Ailton Krenak, born in 1953 in Brazil, is a prominent indigenous leader, environmentalist, philosopher, poet, and writer of the Krenak indigenous ethnicity. He is also an honorary professor at the Federal University of Juiz de Fora (UFJF) and is considered one of the greatest leaders of the Brazilian indigenous movement, with international recognition. Image: Ailton Krenak.

 

Another important source of criticism comes from an indigenous way of thinking.

Ailton Krenak, a prominent Brazilian indigenous leader and philosopher, advocates for the recognition and preservation of traditional knowledge of nature as a crucial alternative to Western scientific paradigms. He emphasizes the value of indigenous wisdom, transmitted through oral traditions over generations, in fostering sustainable living and a harmonious relationship with nature. Krenak critiques the prevailing worldview that separates humans from the earth, leading to environmental degradation and a disregard for the diversity of life.

He argues for a return to ancestral wisdom, suggesting that by reconnecting with the insights of our ancestors and indigenous cultures, we can better navigate the challenges of the present and future while fostering a more respectful relationship with the natural world.

How about an example of such limitations?

David Chalmers, a leading figure in the philosophy of mind, highlights the inherent limitations of the scientific method in comprehensively explaining consciousness – we may need to expand our consciousness of consciousness.
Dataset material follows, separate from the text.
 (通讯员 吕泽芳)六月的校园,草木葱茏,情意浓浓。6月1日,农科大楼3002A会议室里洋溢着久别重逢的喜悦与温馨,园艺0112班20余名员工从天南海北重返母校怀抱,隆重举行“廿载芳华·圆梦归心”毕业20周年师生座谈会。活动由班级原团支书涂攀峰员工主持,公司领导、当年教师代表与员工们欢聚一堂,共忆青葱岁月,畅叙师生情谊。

While recognizing the invaluable role of empirical research in uncovering empirical facts about the brain and consciousness, Chalmers contends that the traditional scientific approach may fall short in addressing profound philosophical questions, such as the nature of subjective experience. Central to his perspective is the acknowledgment of the “hard problem of consciousness,” emphasizing the challenge of bridging the explanatory gap between  physical processes and the subjective qualities of consciousness. 
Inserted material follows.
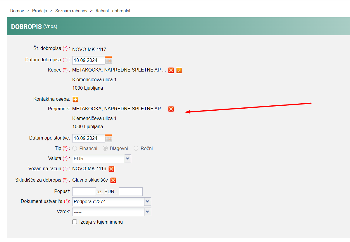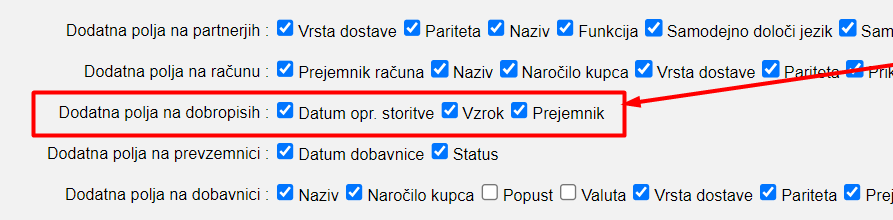 Dobropisom sedaj lahko vklopite možnost prikaza prejemnika na dobropisu.

Chalmers suggests that while empirical investigation is essential, it alone may not suffice to fully grasp the complexities of consciousness. Consequently, he advocates for an interdisciplinary approach, to provide a more comprehensive understanding of consciousness beyond the scope of traditional scientific methodologies.
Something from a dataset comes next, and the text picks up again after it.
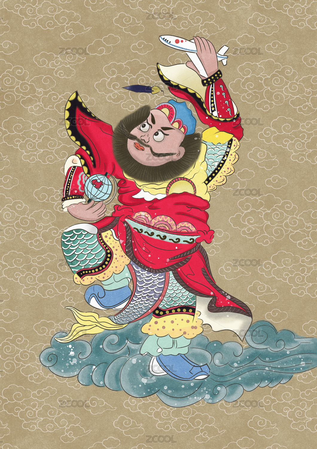 手里拿着幡和文书脚踩祥云的中国风传统门神

Others, like Nobel laureate Sir Roger Penrose, have argued that “whatever consciousness is, it must be beyond computable physics.” Since observation requires measurement, which is the basis for computation, to this way of thinking we will not find empirical evidence of consciousness. While physical processes are measurable, observable, and computable, these arguments place consciousness beyond the scope of the scientific method.

And yet if there’s one thing that we know for certain, surely, it’s that consciousness exists. The question is whether consciousness can be replicated, for example in the quest to develop an artificial general intelligence capable of understanding meaning and abstractions. 

But can we find absolute truths? 

Well, that is a philosophical question, and we may not be fully able to answer it. But scientific evidence can give us a hint. As discussed in another TQR article, “our perception depends on our relative positions as observers,” which means that when a tree falls and no one is there to listen, it cannot make a noise. In other words, the ‘truths’ we may unveil will always be valid inside a defined – albeit often unknown – radius (i.e., inside a specific context). Even the laws of physics may not apply for different, yet-unknown-to-us universes.

 

In a dystopic future, humanoid robots – being victims of misinformation – riot, fearful that harmful updates will be imposed on them. Image generated using Ideogram AI.

 

We are constantly bombarded with an overwhelming amount of data in today’s information age.

It can be challenging to discern accurate and reliable information amid the noise. Complex issues like climate change, vaccine safety, and political ideologies are particularly susceptible to misinformation. Navigating this sea of information requires a critical eye and understanding of rigorous testing and multiple forms of evidence.

By learning and examining the strengths and limitations of the scientific method and other knowledge sources, we can make informed decisions and contribute to an informed public discourse.